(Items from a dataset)

_ _ _ _

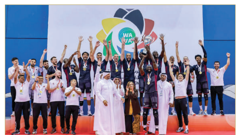
بطولة غرب آسيا للطائرة
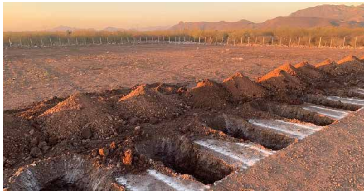
Integrantes de diferentes colectivos y familiares de personas en calidad de desaparecidas, piden que se apliquen protocolos o mecanismos que permitan la fácil identificación de los cuerpos.

Dicha sugerencia surge a raíz de que consideran que no hay una organización, razón por la
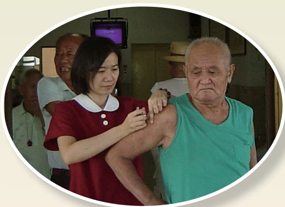
▲岡山榮家保健組護理人員為榮民注射流感疫苗。
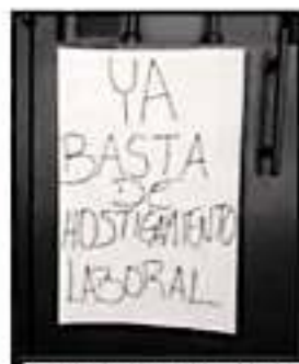
EMPLEADOS ACUSAN A LA DIRECCIÓN DE ACOSO Y FALTA DE PAGO

La Universidad justificó que "no puede hacerse responsable sobre la transmisión de programación previamente pactada, incluyendo la transmisión de la pauta federal que se debe transmitir a requerimiento de las diversas instancias federales competentes, como lo son la Secretaría de Educación Pública, la Secretaría de Goberna-

_ _ _ _

▸ **WORK REQUIRED**: Skipping every picture, reproduce the records word for word.

▸ **RESULT FOR THIS EXERCISE**:
بطولة غرب آسيا للطائرة
Integrantes de diferentes colectivos y familiares de personas en calidad de desaparecidas, piden que se apliquen protocolos o mecanismos que permitan la fácil identificación de los cuerpos.

Dicha sugerencia surge a raíz de que consideran que no hay una organización, razón por la
▲岡山榮家保健組護理人員為榮民注射流感疫苗。
EMPLEADOS ACUSAN A LA DIRECCIÓN DE ACOSO Y FALTA DE PAGO

La Universidad justificó que "no puede hacerse responsable sobre la transmisión de programación previamente pactada, incluyendo la transmisión de la pauta federal que se debe transmitir a requerimiento de las diversas instancias federales competentes, como lo son la Secretaría de Educación Pública, la Secretaría de Goberna-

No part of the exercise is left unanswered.